** Opening Records to process block **

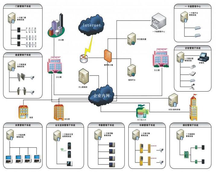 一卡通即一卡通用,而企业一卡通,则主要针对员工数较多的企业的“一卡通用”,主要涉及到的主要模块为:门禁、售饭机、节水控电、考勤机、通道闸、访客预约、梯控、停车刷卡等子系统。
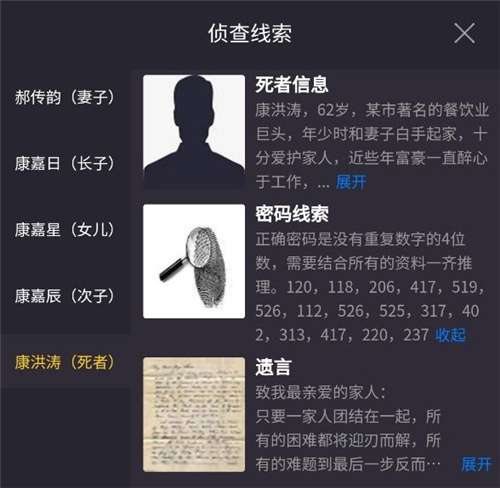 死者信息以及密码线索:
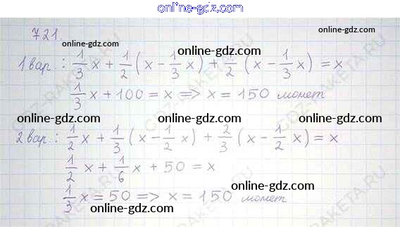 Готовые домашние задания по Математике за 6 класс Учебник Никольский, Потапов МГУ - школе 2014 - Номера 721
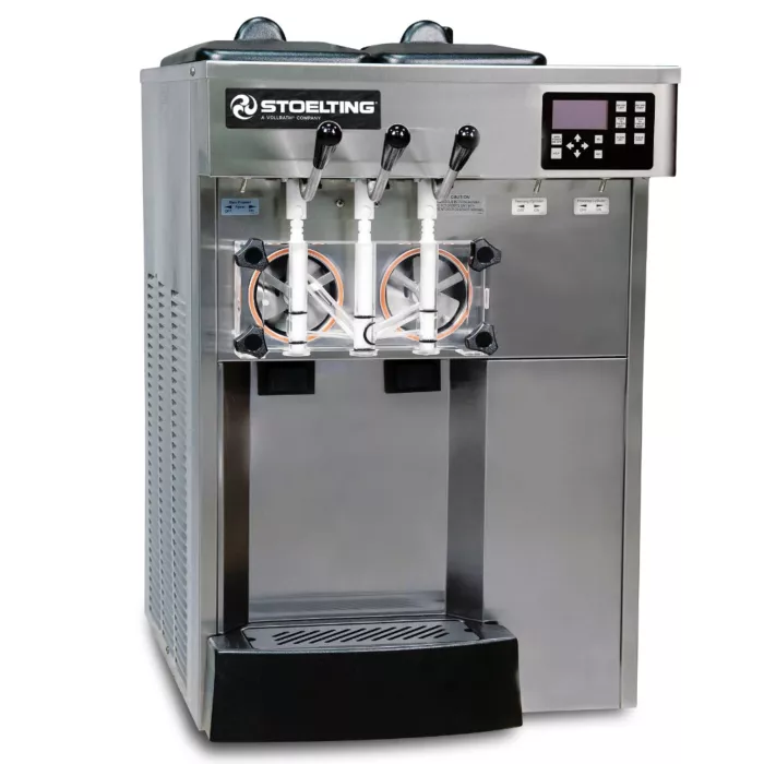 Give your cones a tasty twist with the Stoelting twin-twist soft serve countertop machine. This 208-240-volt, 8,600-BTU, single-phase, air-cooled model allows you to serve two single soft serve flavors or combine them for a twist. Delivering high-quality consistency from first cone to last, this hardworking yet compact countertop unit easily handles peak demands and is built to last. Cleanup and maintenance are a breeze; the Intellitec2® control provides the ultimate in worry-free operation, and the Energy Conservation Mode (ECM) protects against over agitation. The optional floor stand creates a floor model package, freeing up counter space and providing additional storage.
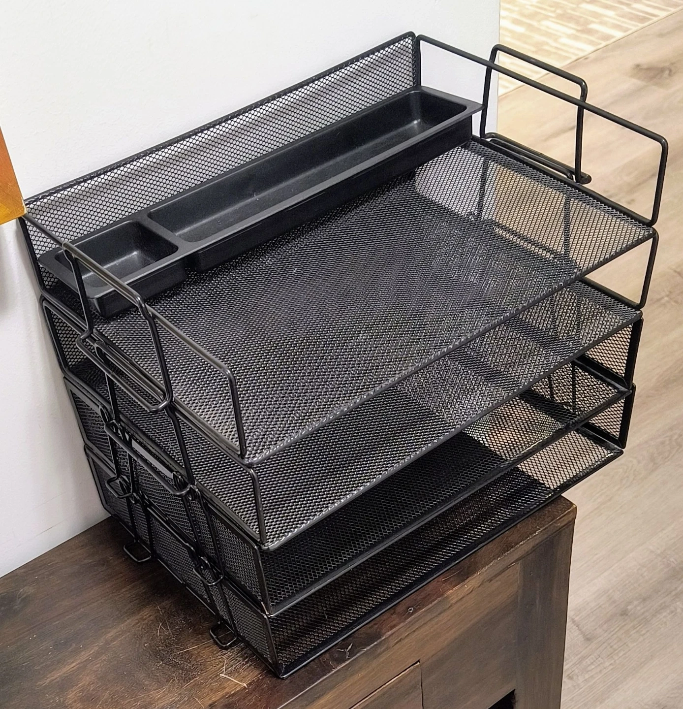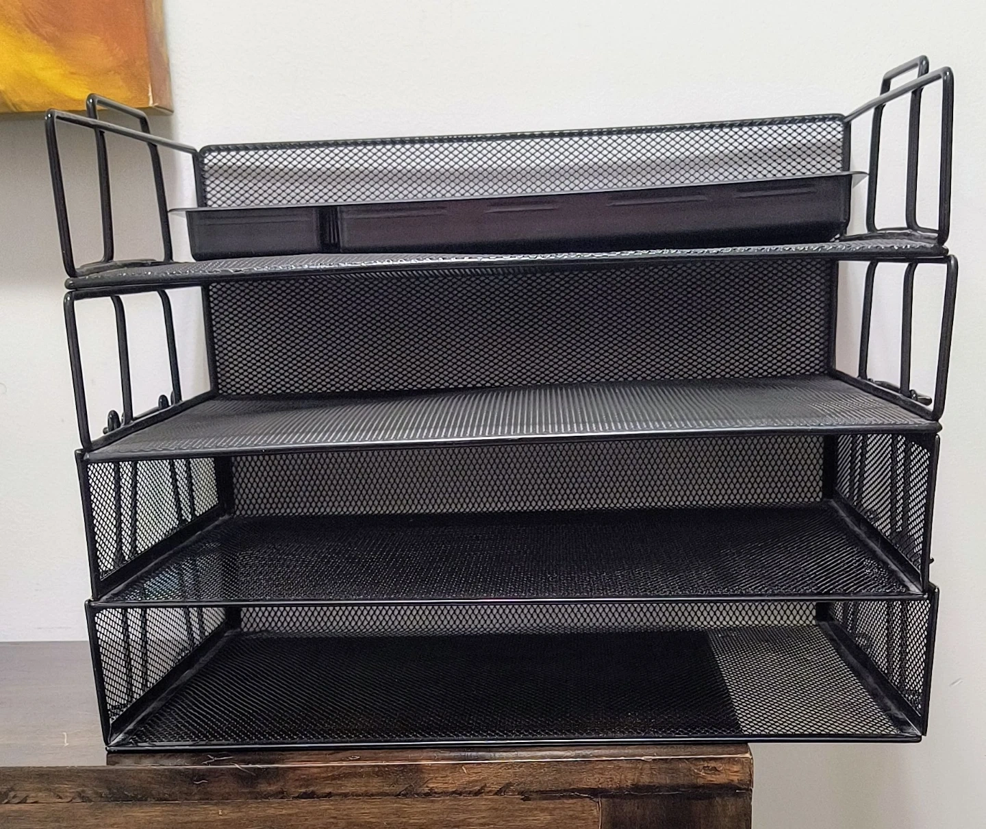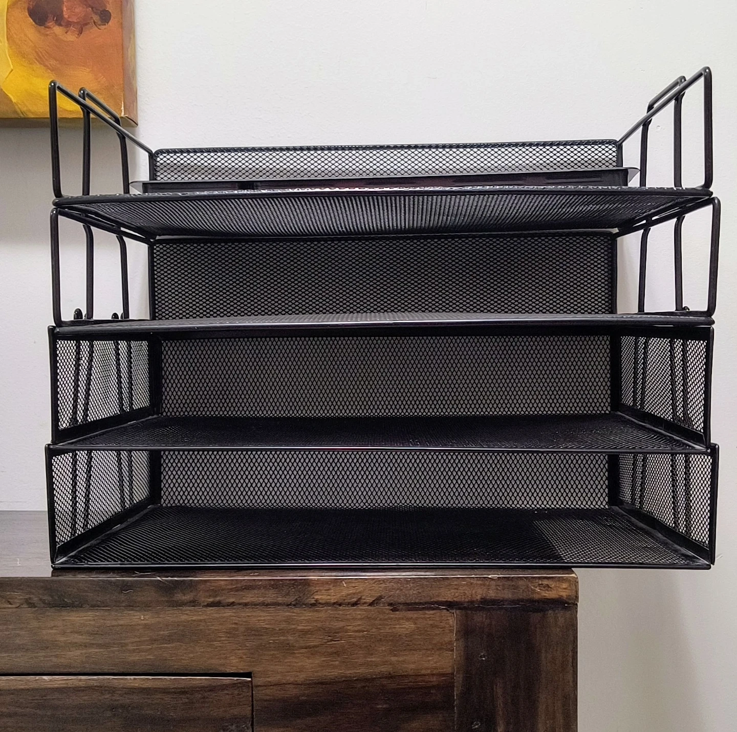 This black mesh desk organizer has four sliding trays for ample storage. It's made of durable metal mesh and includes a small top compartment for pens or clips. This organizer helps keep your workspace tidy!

** Closing Records to process block **

• **Assignment**
Set down every entry above again exactly, dropping each picture.

• **Answer area**
 一卡通即一卡通用,而企业一卡通,则主要针对员工数较多的企业的“一卡通用”,主要涉及到的主要模块为:门禁、售饭机、节水控电、考勤机、通道闸、访客预约、梯控、停车刷卡等子系统。
 死者信息以及密码线索:
 Готовые домашние задания по Математике за 6 класс Учебник Никольский, Потапов МГУ - школе 2014 - Номера 721
 Give your cones a tasty twist with the Stoelting twin-twist soft serve countertop machine. This 208-240-volt, 8,600-BTU, single-phase, air-cooled model allows you to serve two single soft serve flavors or combine them for a twist. Delivering high-quality consistency from first cone to last, this hardworking yet compact countertop unit easily handles peak demands and is built to last. Cleanup and maintenance are a breeze; the Intellitec2® control provides the ultimate in worry-free operation, and the Energy Conservation Mode (ECM) protects against over agitation. The optional floor stand creates a floor model package, freeing up counter space and providing additional storage.
 This black mesh desk organizer has four sliding trays for ample storage. It's made of durable metal mesh and includes a small top compartment for pens or clips. This organizer helps keep your workspace tidy!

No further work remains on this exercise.